Certain games track your score and give you a target to try and clear when you play through the games again. Island Tour also has a StreetPass feature which allows you to compete with other players who have this game. Of course, because of where I live, I was never able to StreePass anyone and develop a stronger impression of the feature.
As you clear stages and mini-games, you unlock points which you can use to deck out a gallery. These points can be used to purchase things like figurines, which you can then examine. Some of the items require several thousands of points to unlock, which means you’ll have to play for quite a while if you want to unlock everything. This collection component does the game some good, as it stretches out the single player content just a bit more.
Multi-player is the heart and soul of the Mario Party series. With the fully featured download and play option, all you need is one copy of the game, as well as additional consoles and willing players and you’ve got yourself a party. You can quickly set up a game and you can either play through the boards or you can pick your favorite mini-game and play it together.

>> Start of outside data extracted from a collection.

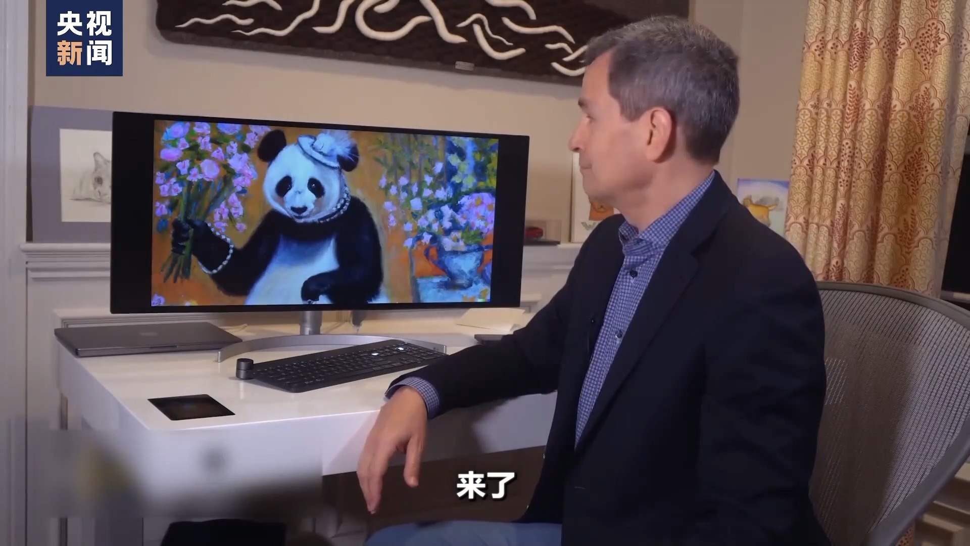 记者:画一幅雷诺阿风格的熊猫肖像。来了,反应很快。
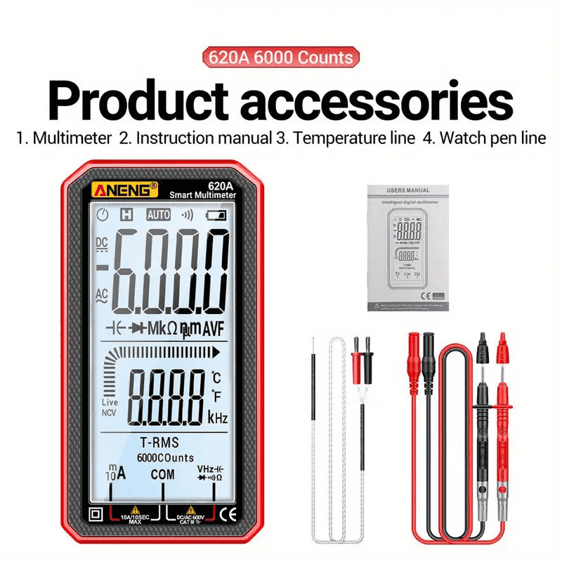 ANENG 621A Tela Sensível Ao Toque Multímetro Digital Inteligente 9999 Conta Gama Automática Voltímetro Portátil NCV Universal Ammetro
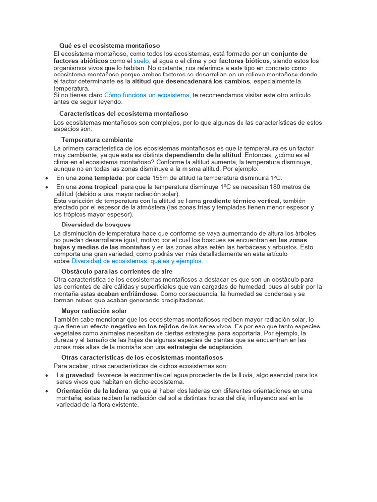 Características del ecosistema montañoso

The different event and mechanics in the different boards make even long drawn out games exciting from start to finish.
Also, the random nature of the game keeps things friendly and casual and from getting seriously competitive. Getting sent from first to last place isn’t exactly fun, but this kind of thing happening out of the blue helps remind you that this is only a game and that it’s only here for your enjoyment. It’s also great to have something that most players can relax and enjoy, regardless of what gaming circuit they hail from. It’s good clean fun. This option is great and it was nice to be able to play the same game with a few people without everyone having to buy a copy.

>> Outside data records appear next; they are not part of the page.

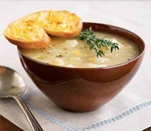 Intr-o tigaie se caleste ceapa in ulei de masline. Se adauga supa de pui si se lasa la foc mediu cateva minute, cu vasul acoperit. Cand ceapa devine moale, se scurge si se paseaza bine. Se adauaga restul de supa intr-o oala impreuna cu vinul, condimentele si inca 500 mililitri apa. Cand incepe sa dea in clocot se adauga smantana si apoi cozile de ceapa verde, tocate marunt. Se lasa pana incepe sa fiarba. Se pune in farfurii si se adauga crutoanele. Se serveste cu verdeturi tocate, cu cascaval ras deasupra si cu putina zeama de lamaie.
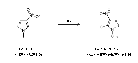 1.通过1-甲基-4-硝基吡唑合成5-氯-1-甲基-4-硝基-1H-吡唑,收率约20%;
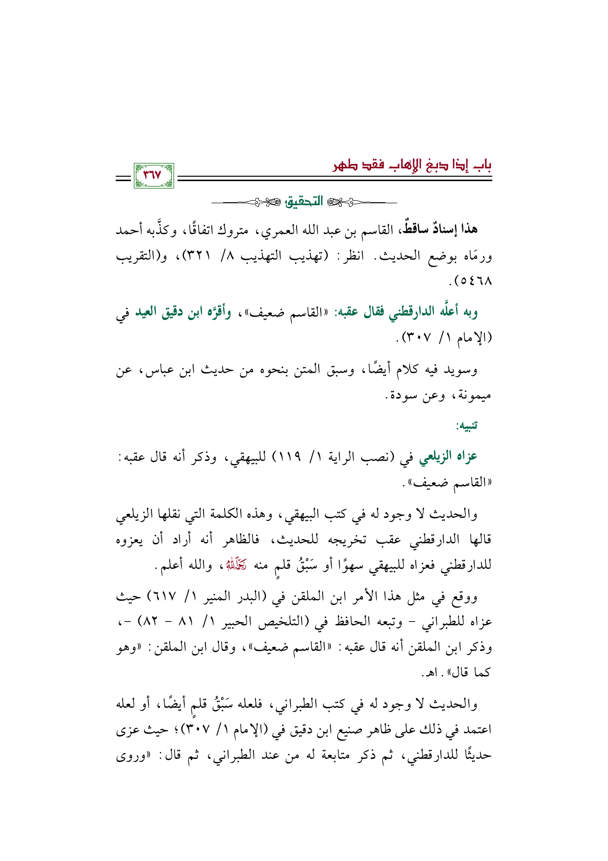 ووقع في مثل هذا الأمر ابن الملقن في (البدر المنير ١/ ٦١٧) حيث عزاه للطبراني - وتبعه الحافظ في (التلخيص الحبير ١/ ٨١ - ٨٢) -، وذكر ابن الملقن أنه قال عقبه: ((القاسم ضعيف))، وقال ابن الملقن: ((وهو كما قال)) اهـ.
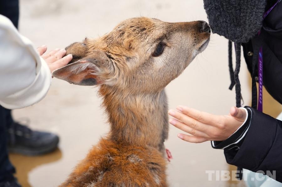 图为养殖场内的网红小鹿“次仁” 摄影:张艺彤
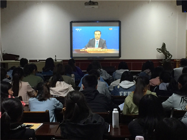 为引领青年学生深入学习贯彻党的十九大精神和习近平新时代中国特色社会主义思想,牢固树立“四个意识”,坚定“四个自信”,使青年学生关心政治,参与政治,并激发他们的外语学习热情,学习榜样,模仿楷模,4月16日晚7:30,外国语学院组织英语专业大一大二两个年级的学生观看学习了十三届全国人大一次会议闭幕后国务院总理李克强答记者问及英文同声传译视频。
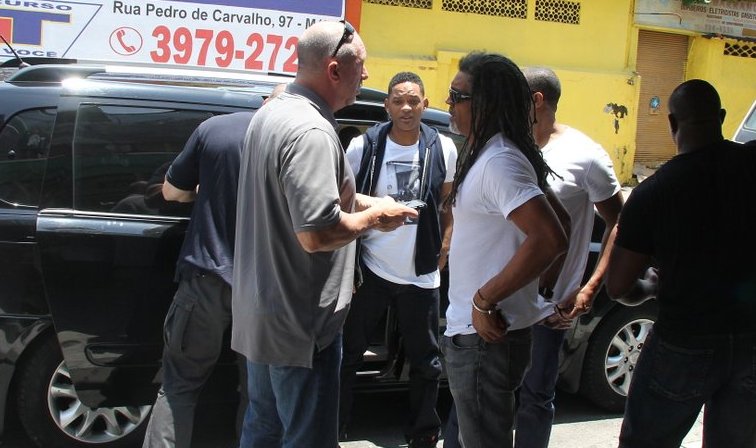 Com o Carnaval acontecendo, os turistas vão chegando, e entre eles, algumas celebridades americanas. Neste domingo (10), o ator Will Smith (dos filmes ' MIB - Homens de Preto ' e ' Hitch - Conselheiro Amoroso ') visitou o Vidigal, no Rio de Janeiro, com o casal formado pela estrela de reality shows Kim Kardashian , e pelo rapper Kanye West .
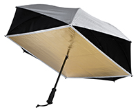 Als Reflektor: Bei umgedrehter Schirmkappe lassen sich verschiedenfarbige Reflektorfolien befestigen, die zum Aufhellen oder Abschatten beispielsweise bei Porträt- oder Makroaufnahmen eingesetzt werden können. Die Reflektorfolien gibt es in den Farben Sunlight, Silber, Gold, Weiß und Schwarz. Die Befestigung der Folien ist kinderleicht, sie werden einfach mit Ösen befestigt und sind blitzschnell einsatzbereit. Sie sind absolut plan und liefern ein gleichmäßiges Licht, dort wo es benötigt wird.

Unfortunately, the download and play option does seems like a poor man’s attempt to try and compensate for the fact that the game has no online mode. This shortcoming is arguably fatal for this game, which is designed around multiple people playing at once. Playing with the AI opponents is quite an inferior experience compared to playing with other players and Mario Party: Island Tour sports no online multiplayer component whatsoever.

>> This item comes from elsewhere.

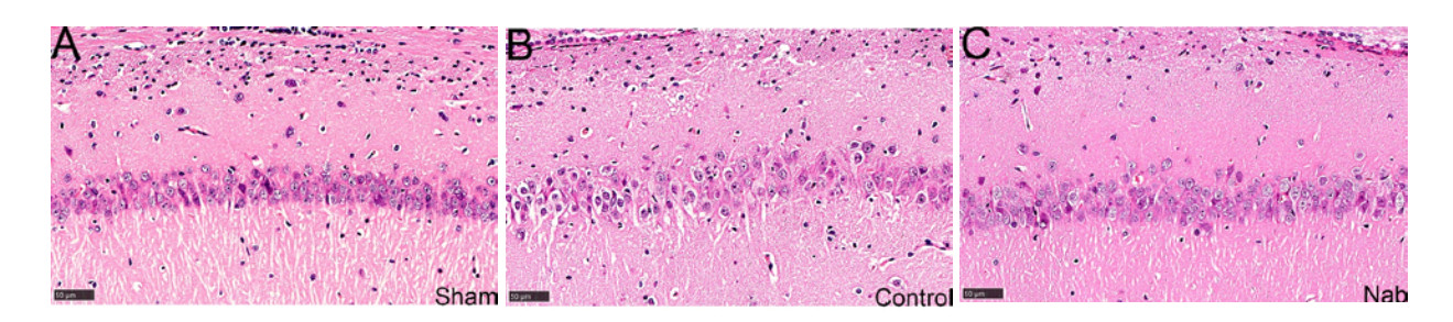 | 注:图A~C分别为光镜下假手术组、单纯心肺复苏组及丁酸钠组海马CA1区组织情况(×600) 图 2 各组大鼠脑组织CA1区形态学观察 Fig 2 Morphological observation of the CA1 region of rats from each group |
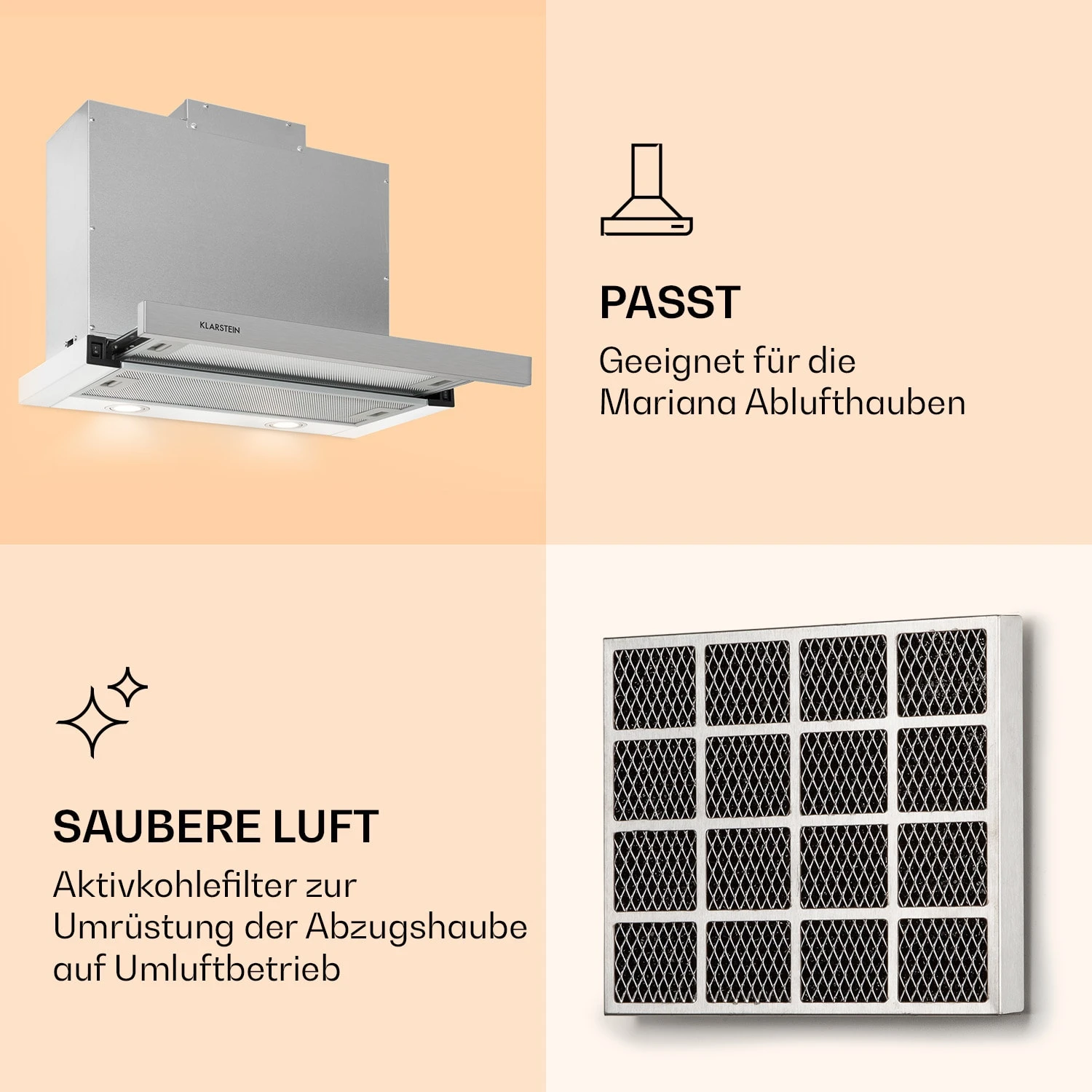 Neue Kraft für frische Luft in der Küche. Der Klarstein Mariana Aktivkohlefilter versorgt deine Dunstabzugshaube mit einem Zubehör zur Luftverbesserung, das ganz einfach in der Haube eingesetzt wird. Die Aktivkohle im Filter bindet Gerüche und macht deine Haube fit für den Umluftbetrieb. Aktivkohlefilter sollten, je nach Häufigkeit der Nutzung der Abzugshaube, alle 3-4 Monate gewechselt werden, um ihre Leistungskraft zu erhalten.

This omission is as puzzling as it is damaging. Why isn’t there an online mode here? Why shouldn’t I be able to play with my friends around the country who also have this game? I’d love to hear some sort of explanation or reasoning as to why what seems like a no brainer feature for this title is missing in action. It’s simply a crime.
Mario Party games are meant to be played with other people and are therefore intrinsically not as enjoyable as single player experiences–it’s just that simple.
This game has barely bagged enough merits to make it worth playing despite the lack of online, but it is a crippling blow to the game’s overall value. Island Tour could have been much more than it is.
That’s about the size of Mario Party: Island Tour. A fun and charming mini-game collection chock full of variety and aimed at groups of players. With download and play only one person needs to have a copy of the game and you’re off. You’ll use the Nintendo 3DS (or 2DS…) console in interesting ways throughout dozens of unique games. It’s a blast and a half. Unfortunately, the lack of an online mode devastates this multi-player centric title.
What could and should be a worldwide spectacle is confined to a house party, that much of the time may include only you and three AI competitors. If you have the hardware and bodies to fill this party then buy this game immediately. If not, you might want to wait for a price cut.